What you will do: Write out the opening lines of the data word for word, up to and including the line with "Elus et partenaires", and leave every picture and every later line out.
---------- Input
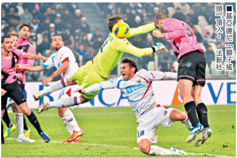
■基亞連尼「獅子搖頭」頂入。
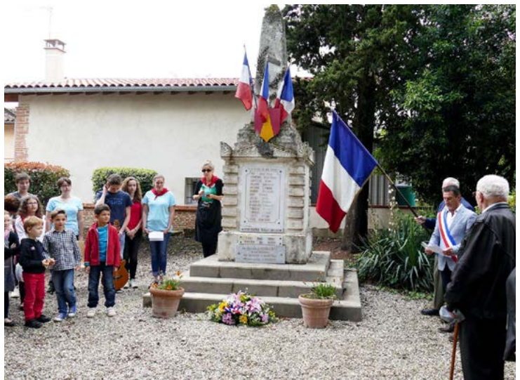
Avec un chant de la section Jeunes
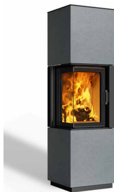
Minh 38 Beton hell
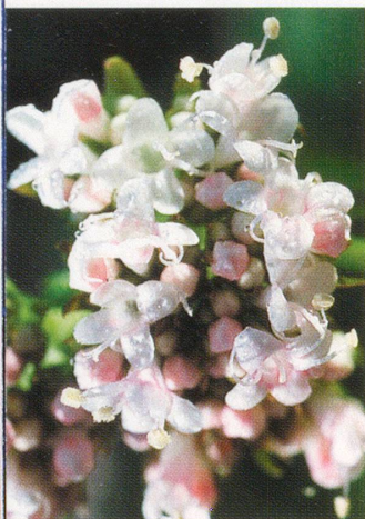
Pflanzen, die beim Schlafen helfen: Baldrian ( Valeriana officinalis , oben) sowie Melisse ( Melissa officinalis , Mitte) und Passionsblume ( Passiflora incarnata , unten).
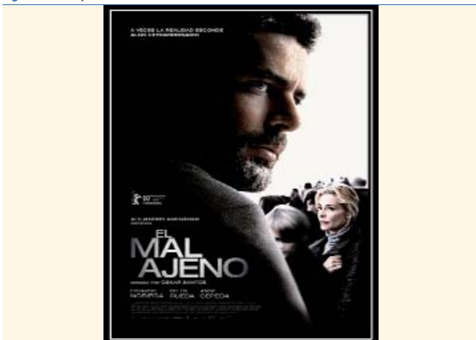
Figura 5. El mal ajeno (Oskar Santos, 2009).

No sólo el cine panorámico es una oportunidad para mejorar la enseñanza y la humanización en medicina, también las series de televisión sobre temas médicos: Anatomía de Grey , Urgencias , Hospital Central , Scrubs ... hasta House (porque también de los errores se aprende...). Cualquier iniciativa artística aplicada a la humanización de la medicina debe ser bienvenida.
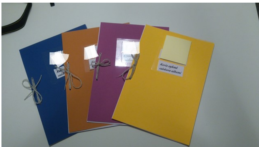
Kuva 6. Ryhmäläisten henkilökohtaiset valokuva-albumit.

Ennen kuin pidimme palautekeskustelun, kävimme uudestaan ihastele-massa valokuvanäyttelyä. Nyt yksi ryhmäläisistä, joka oli poissa näyttely-päivänä, pääsi esittelemään meille valokuviaan. Näyttelyn jälkeen jaoin ryhmäläisille heidän omat valokuva-albuminsa, joita he alkoivat innoissaan tutkimaan (Kuva 6.).
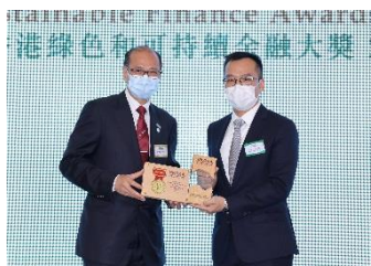
維達國際控股有限公司
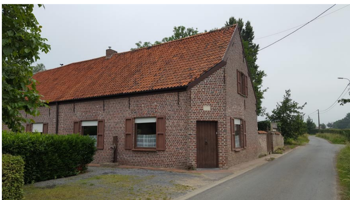
De Drie Koningen anno 2019
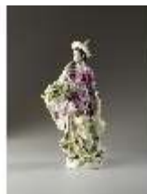
AnsRes.III,K, Malabarin, Inv.-Nr. AnsRes.K0524, DI012835, BSV-
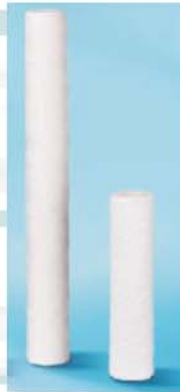
Cartucce a perdere Throw - away cartridges
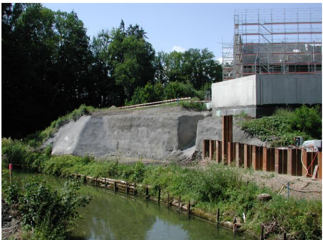
KW 27 / RHB Brand / Hangsicherung rechts
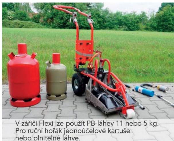
V zářiči Flexi lze použít PB-láhev 11 nebo 5 kg. Pro ruční hořák jednorúčelové kartuše nebo plnitelné láhve.
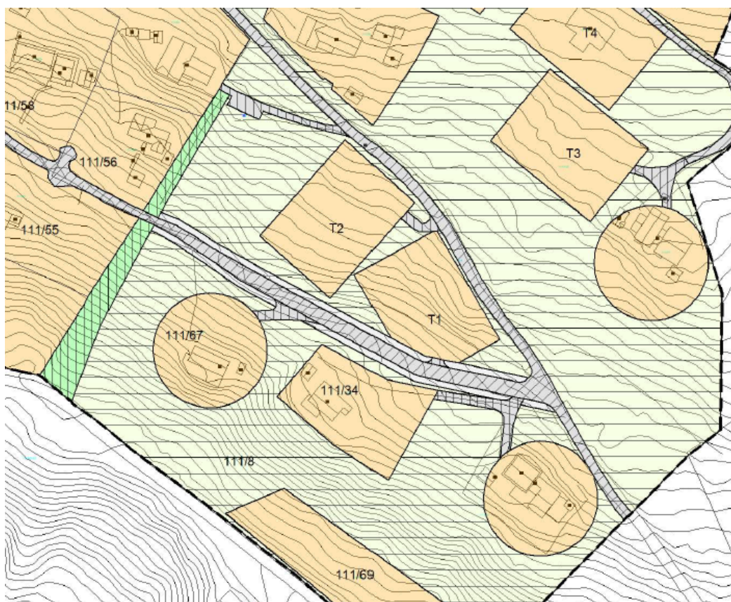
Utsnitt nytt planforslag

Endringene foreslått i planen vurderes til å oppfylle disse kravene. Det er kun kartet som endres.
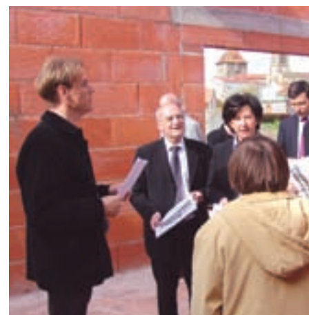
Elus et partenaires ont visité le chantier le 20 avril

La commune abritera prochainement un Service d'Accompagnement à la Vie Sociale dédié aux jeunes adultes handicapés. Né d'un partenariat soutenu entre les familles, le futur gestionnaire « Les Papillons Blancs », les services du Conseil général et l'Office en qualité de propriétaire, l'établissement permettra la prise en charge de 13 personnes, dont 6 habiteront sur place dans des logements individuels. ■
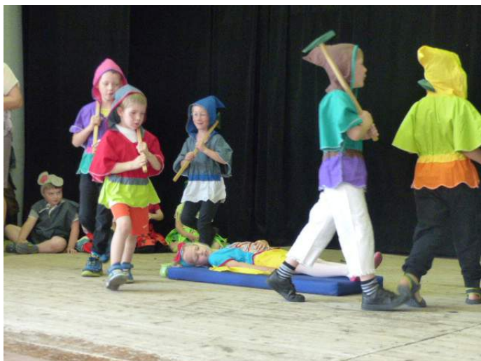
Hej hou, hej hou a trpaslíci jdou - a Sněhurka spí! Jak to, milé maminky, asi dopadne?
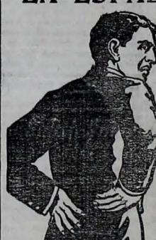
Cada Cuadro Habla por Si

Dolor de espalda y dificultad al orinar son señales de peligro y de que los riñones están tupidos y congestionados, que el sistema se está llenando con ácido úrico y otros residuos venenosos que debían haber sido pasados en la orina.
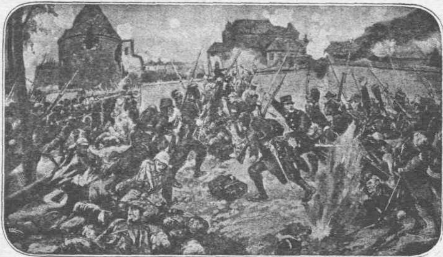
ΑΙ ΜΑΧΑΙ ΤΟΥ ΒΕΡΝΤΕΝ. — Εις τὸ μέτωπον τοῦ Βερντέν αἱ μάχαι ἐπανελήφθησαν καὶ πάλιν μετὰ μεγάλην σφοδρότητα. Οἱ Γερμανοὶ προελαύνουν πρὸς τὸ θρυλικὸν φρούριον, καταλαμβάνοντες τὰς γαλλικὰς ἐπιχειρήσεις. Ἀλλὰ καὶ οἱ Γάλλοι ὁμῶς μάχονται γενναίως, ἐγκαταλείποντες τὸ ἔδαφος τῶν σιδηρῶν πρὸς σιδηρῶν.
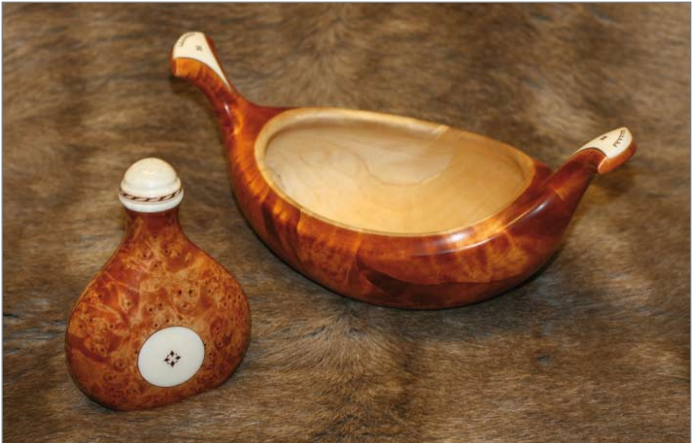
Saltströare och skål av Martin Kuorak, Jokkmokk.
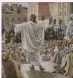
20.30: Rosario a Mad. in C.
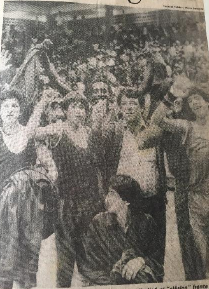
La selección masculina de básquetbol de Pichincha se adjudicó el "clásico" frente
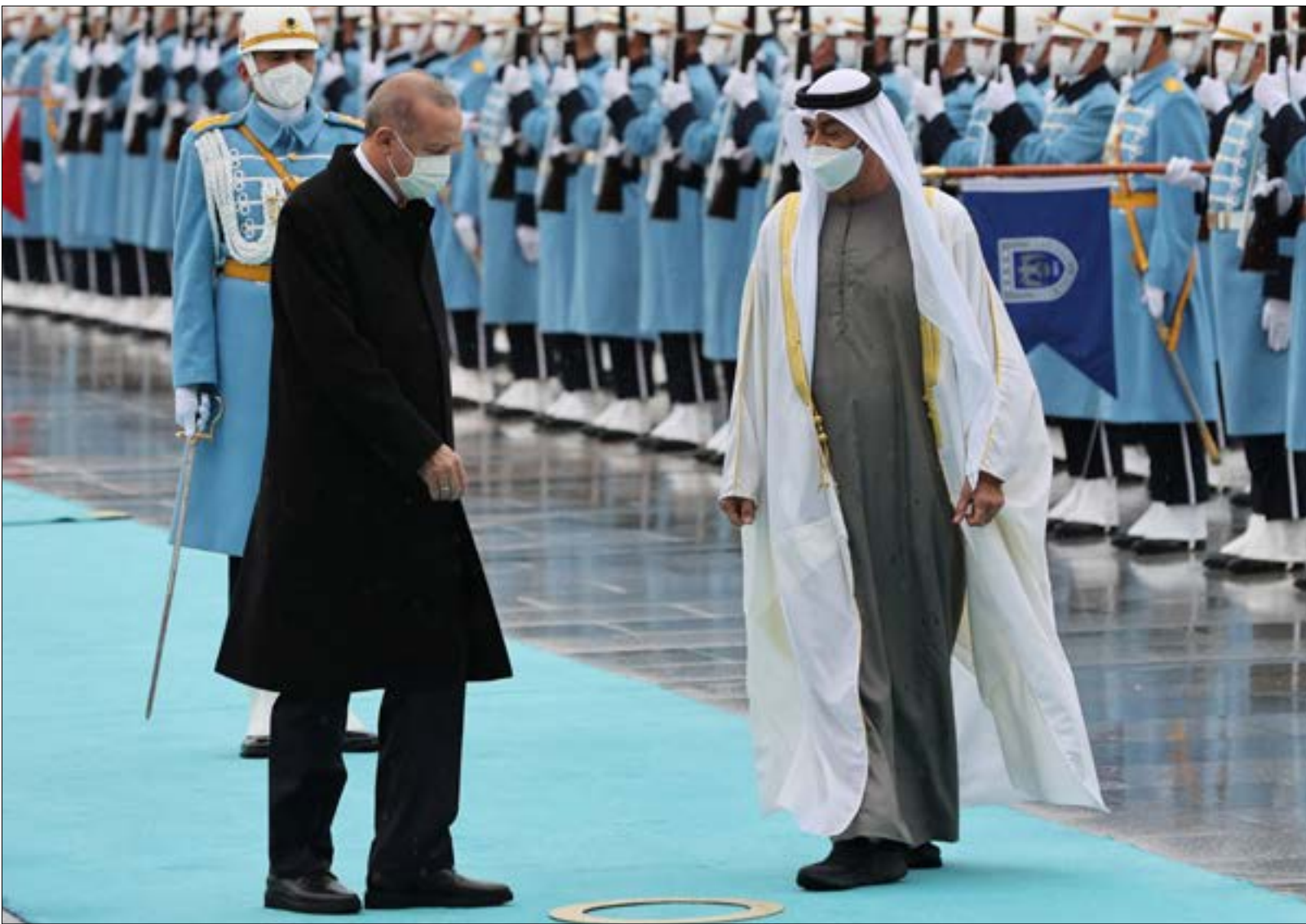
إذ كان ابن زايد سيبارد ضدّ استثمارات كبيرة في تركيا، فلا شك أنه سيطلب بثمن لقاء خطوته

على أساسها التقرير الذي يورّط ابن سلمان مباشرة في الجريمة. في المقابل، لا يعدو «فخّح» ابن زايد التركي كونه بحثاً عن دور جديد «معزّز» بالتطبيع مع إسرائيل، في ظلّ الانتكاسات التي مُنيت بها مفاوضات الإمارات في المنطقة، من البنين حيث اضطرت إلى انسحابات متتالية آخرها إخراج مرزققتها من الخديفة والساحل الغربي تحت تهديد بقصف دبي وأبو ظبي، إلى سوريا حيث كانت الإمارات من أولى الدول التي تُراجع حساباتها وتعيد العلاقات مع حكومة دمشق، إلى قطر التي خسرت فيها مع الخاسرين معركة المقاطعة، إلى تدهور العلاقات بالرياض، وكل ذلك في ظلّ تراجع الضمانات الأميركية لأنظمة
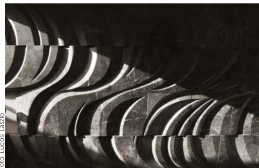
JÓZSA BÁLINT-KOVÁCS FERENC: Dinamikus dombormű, Déli pályaudvar, aluljáró, végfal, 1974, Budapest

A két óbudai múzeum kiállításával az 1927-ben született drezdai képzőművész, Karl-Heinz Adler munkásságának bemutatására vállalkozik. Az idén 90 éves Adler a német absztrakt művészet fontos alakja, újralfedezése napjainkban folyik Németországban. Alkotói tevékenységének jelentős időszakát korlátozta a rendszerváltás előtti kultúrpolitika ideológiája: a néhai NDK területén Adler sokáig háttérbe szorult az absztrakt művészeti törekvéseket elvető szocialista környezetben.
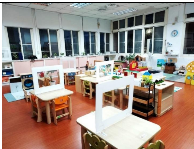
中山幼兒園防疫隔板成品
--------------------
Final answer:
■基亞連尼「獅子搖頭」頂入。
Avec un chant de la section Jeunes
Minh 38 Beton hell
Pflanzen, die beim Schlafen helfen: Baldrian ( Valeriana officinalis , oben) sowie Melisse ( Melissa officinalis , Mitte) und Passionsblume ( Passiflora incarnata , unten).
Figura 5. El mal ajeno (Oskar Santos, 2009).

No sólo el cine panorámico es una oportunidad para mejorar la enseñanza y la humanización en medicina, también las series de televisión sobre temas médicos: Anatomía de Grey , Urgencias , Hospital Central , Scrubs ... hasta House (porque también de los errores se aprende...). Cualquier iniciativa artística aplicada a la humanización de la medicina debe ser bienvenida.
Kuva 6. Ryhmäläisten henkilökohtaiset valokuva-albumit.

Ennen kuin pidimme palautekeskustelun, kävimme uudestaan ihastele-massa valokuvanäyttelyä. Nyt yksi ryhmäläisistä, joka oli poissa näyttely-päivänä, pääsi esittelemään meille valokuviaan. Näyttelyn jälkeen jaoin ryhmäläisille heidän omat valokuva-albuminsa, joita he alkoivat innoissaan tutkimaan (Kuva 6.).
維達國際控股有限公司
De Drie Koningen anno 2019
AnsRes.III,K, Malabarin, Inv.-Nr. AnsRes.K0524, DI012835, BSV-
Cartucce a perdere Throw - away cartridges
KW 27 / RHB Brand / Hangsicherung rechts
V zářiči Flexi lze použít PB-láhev 11 nebo 5 kg. Pro ruční hořák jednorúčelové kartuše nebo plnitelné láhve.
Utsnitt nytt planforslag

Endringene foreslått i planen vurderes til å oppfylle disse kravene. Det er kun kartet som endres.
Elus et partenaires ont visité le chantier le 20 avril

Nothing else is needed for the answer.